Die Schwulen und die Deutsche Wiedervereinigung

Bildquelle: Flickr.com-User Percy | CC BY-NC-SA 2.0
Vielen ist es gestern einmal wieder wie Schuppen von den Augen gefallen, als sie daran erinnert wurden, dass heute ja die Läden geschlossen haben – an diesem Samstag, den 3. Oktober 2009, ist der Tag der Deutschen Einheit. Zum 19. Mal jährt sich in diesem Jahr die Wiedervereinigung der beiden deutschen Staaten, bei der die DDR formell der Bundesrepublik beitrat. Die Hauptfeierlichkeiten finden dieses Jahr im Saarland statt, und in Berlin gibt es eine große Festmeile am Brandenburger Tor. Doch was bedeutete die Wiedervereinigung Deutschlands für die Schwulen?
Sowohl in der Bundesrepublik als auch in der DDR wurden Schwule durch den §175 des Strafgesetzbuches (StGB) verfolgt. Homosexuelle Handlungen waren danach strafbar. In der BRD wurden so über 50.000 Männer verurteilt. Im Lauf der Jahrzehnte wurde dieser Paragraph, der noch aus der Zeit des Nationalsozialismus stammte und in beiden Staaten unverändert übernommen wurde, jedoch langsam entschärft. Zunächst wurde das sog. “Schutzalter” von 21 Jahren eingeführt (BRD: 1969/DDR: 1957). So war gleichgeschlechtlicher Sex nur unter 21 strafbar. 1968 (DDR) bzw. 1973 (BRD) wurde dieses Schutzalter dann auf 18 Jahre abgesenkt.
Da die DDR-Regierung ihre Sondergesetzgebung gegenüber Homosexuellen 1989 ersatzlos strich, lag das Schutzalter in den neuen Bundesländern für Hetero- wie für Homosexuelle bei 14 Jahren. In der Bundesrepublik galt bis zur Angleichung der Gesetzgebung beider Staaten im Zuge der Wiedervereinigung und damit bis zur Abschaffung des §175 im Jahr 1994 weiterhin das Gesetz von 1973.
So kann man resümierend sagen, dass interessanterweise die DDR bei der Entschärfung der Diskriminierungslage der Bundesrepublik immer einen Schritt voraus war. Und es erscheint im Nachhinein erschreckend, dass die gesetzliche Verfolgung von Homosexuellen zumindest in den alten Bundesländern über die Wiedervereinigung hinaus, nämlich bis 1994, andauerte. Nach der Internierung und Ermordung von Homosexuellen in der NS-Zeit dauerte es also beinahe 50 Jahre, bis die Diskriminierung und Verfolgung von Schwulen in ganz Deutschland beendet war. Und ohne die gesellschaftlichen Umbrüche durch die Deutsche Einheit hätte es vielleicht noch länger gedauert.
Wir können also dankbar sein, dass wir in diesem Land mittlerweile frei unsere Sexualität ausleben können. Doch wir sollten nicht vergessen, dass das noch längst nicht auf der ganzen Welt der Fall ist. Und so ist der Weg zur Gleichstellung, weder in Bezug auf gesellschaftliche Akzeptanz in Deutschland, noch auf die Rechtslage in anderen Ländern dieser Welt, vorbei.
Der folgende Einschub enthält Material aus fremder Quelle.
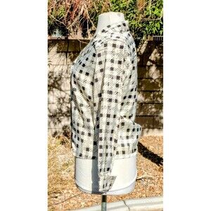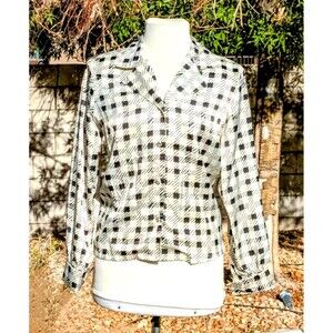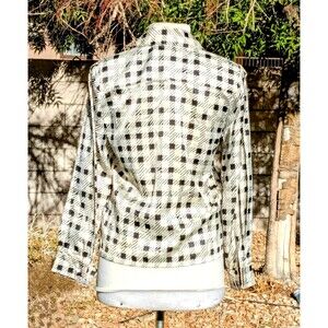 VTG Josephine Petites Sz2 White Check Shiny Button Down Shimmer Blouse Shirt GUC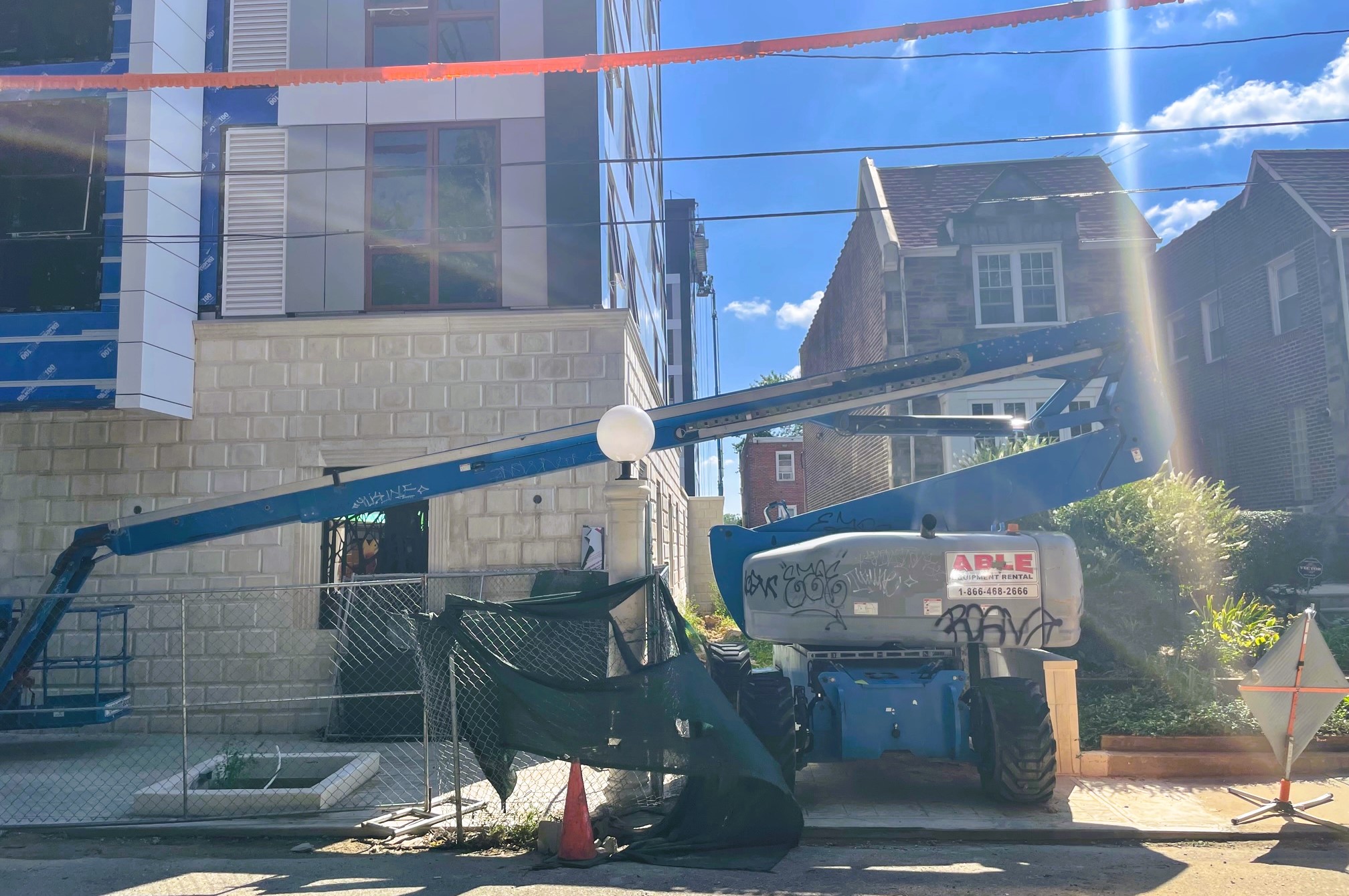 This building pairs a stone material on the first floor with more contemporary looking metal panels, mixing in reds along with the more neutral tones. The vibe of this building is a bit unusual, perhaps due to the juxtaposition between the first floor cladding and the panels above. We applaud developers Hillel Tsarfati and Kfir Binnfeld (who worked with the Orens Brothers on the Croydon project across the street) for going for something new and different on the ground floor, even if it doesn’t quite capture the same feel as the older buildings in the neighborhood. Then again, there’s not much being built these days that does. Be that as it may, this project and its near neighbor collectively illustrate just how development is pushing farther west – 150 units here and 170 units there are a huge deal in an area that hasn’t exactly been the nexus of new construction in a long, long time.

Nichtsdestotrotz ist der heutige Tag ein Tag zum Feiern. Wir können die Wiedervereinigung Deutschlands feiern, auch wenn die Narben bis heute noch heilen. Und daraus sollten wir immer wieder neue Kraft für die Zukunft schöpfen, für eben jenen Weg, den ich weiter oben beschrieben habe. Für Einigkeit, und Recht, und Freiheit.




du bist ein jahr zu früh dran… die 20 jahre sind erst nächstes jahr rum
spontiv
3. Okt 09 at 20:17
@spontiv:
Oh, vielen Dank, hatte ich mit dem Mauerfall verwechselt, der jährt sich ja dieses Jahr wirklich zum 20. Mal
Henning
3. Okt 09 at 20:30
Da wollen wir einmal ein wenig Ordnung in diesen Beitrag bringen.
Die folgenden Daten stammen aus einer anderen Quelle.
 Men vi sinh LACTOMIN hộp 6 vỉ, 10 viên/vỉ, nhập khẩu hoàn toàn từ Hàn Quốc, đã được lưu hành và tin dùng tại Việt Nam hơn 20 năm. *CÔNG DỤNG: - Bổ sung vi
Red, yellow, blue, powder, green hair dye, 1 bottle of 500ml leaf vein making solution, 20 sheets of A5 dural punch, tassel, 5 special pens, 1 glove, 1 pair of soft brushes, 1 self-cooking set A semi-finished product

Vielleicht bist du auch einfach nur zu jung.
Entstehung des §175: 1532 gab Karl V. der ab dem 13. Jh. durchgeführten Todesstrafe bei Analverkehr im Heiligen Römischen Reich deutscher Nation durch den §116 eine Rechtsform, die in Preußen 1794 im Allgemeinen Landrecht auf eine Gefängnisstrafe (sechs Monate bis vier Jahre) herab gesetzt wurde. Napoléon beseitigte die Strafbarkeit in vielen Ländern Europas in folge des in Frankreichs eingeführten Code Civil 1804. (Treppenwitz der Geschichte: in Bayern wurde die Strafbarkeit 1813 aufgehoben)
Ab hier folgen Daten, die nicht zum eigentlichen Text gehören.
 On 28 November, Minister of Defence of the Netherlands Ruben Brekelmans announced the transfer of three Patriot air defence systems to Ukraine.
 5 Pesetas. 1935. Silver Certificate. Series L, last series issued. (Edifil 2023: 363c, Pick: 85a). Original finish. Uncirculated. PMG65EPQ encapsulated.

Bismarck als Erschaffer des SgB von 1872 für den Norddeutschen Bund übernahm die preußischen Strafbestimmungen im §175 wegen der “öffentlichen Meinung”.
Der durch das dritte Reich verschärfte §175 von 1872 wurde in der DDR, die Homosexualität nicht wie im Westen ideologisch (Christlich) sonder wissenschaftlich betrachtete, bereits 1950 unter Beibehaltung des Strafbestandes für “erschwerte Fälle” auf die Version von 1872 zurückgesetzt
Bereits 12-1957 bestimmte das Strafrechtsergänzungsgesetz in der DDR, die “Nichtverfolgung von geringfügigen/öffentlich uninteressanten Straftaten” was eine faktische Außerkraftsetzung des §175 bedeutete, der 1968 ersatzlos gestrichen wurde. Das Schutzalter gleichgeschlechtlicher (MM, WW) Handlungen mit Jugendlichen wurde im §151 geregelt (18 Jahre).
1973 gab es Berlin eine Schwulengruppe, die mit Plakaten und Fahnen die Gäste der “Weltfestspiele 1973″ in Ostberlin begrüßte. Solange diese Gruppen “Linientreu” waren, wurden sie nicht beanstandet. Die gern aufgetischte Geschichte, dass sich die Homosexuellen in der DDR unter dem Dach der Kirche organisierten ist nicht haltbar. (Anmerkung von mir: da kam lieber der Pfarrer wo anders hin…)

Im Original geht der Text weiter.